DATA SECTION:
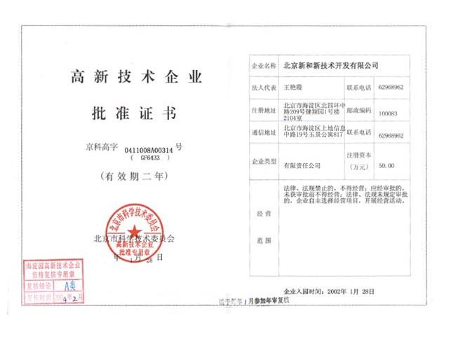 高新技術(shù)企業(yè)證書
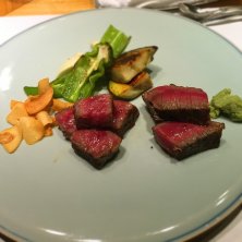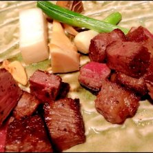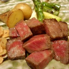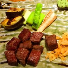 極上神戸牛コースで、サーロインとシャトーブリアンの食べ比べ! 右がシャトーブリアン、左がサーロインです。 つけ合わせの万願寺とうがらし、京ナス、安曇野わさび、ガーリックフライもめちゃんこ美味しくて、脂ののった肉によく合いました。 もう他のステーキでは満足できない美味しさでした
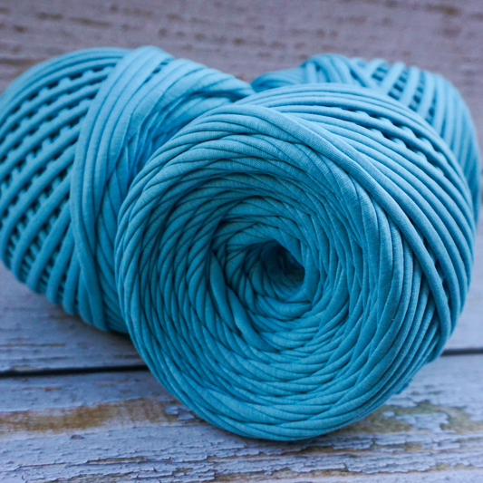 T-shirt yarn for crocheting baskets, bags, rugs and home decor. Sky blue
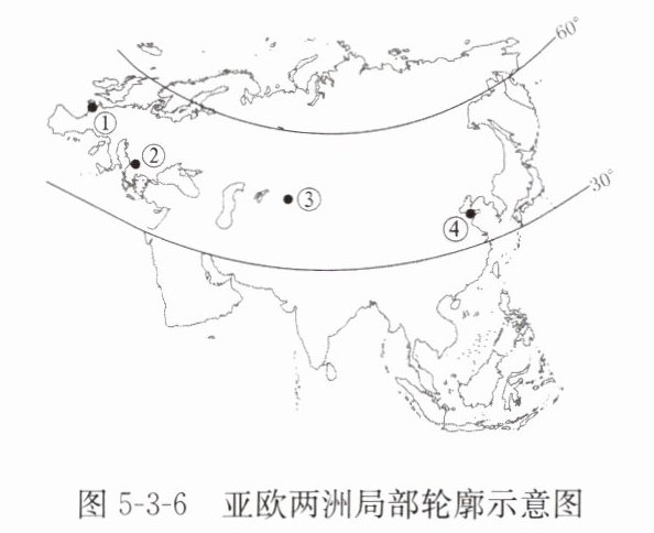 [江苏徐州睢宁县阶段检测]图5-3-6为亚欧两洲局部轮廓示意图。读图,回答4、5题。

ACTIVITY: Could the data above be repeated exactly, with every picture dropped?

SOLVED PROBLEM:
 高新技術(shù)企業(yè)證書
 極上神戸牛コースで、サーロインとシャトーブリアンの食べ比べ! 右がシャトーブリアン、左がサーロインです。 つけ合わせの万願寺とうがらし、京ナス、安曇野わさび、ガーリックフライもめちゃんこ美味しくて、脂ののった肉によく合いました。 もう他のステーキでは満足できない美味しさでした
 T-shirt yarn for crocheting baskets, bags, rugs and home decor. Sky blue
 [江苏徐州睢宁县阶段检测]图5-3-6为亚欧两洲局部轮廓示意图。读图,回答4、5题。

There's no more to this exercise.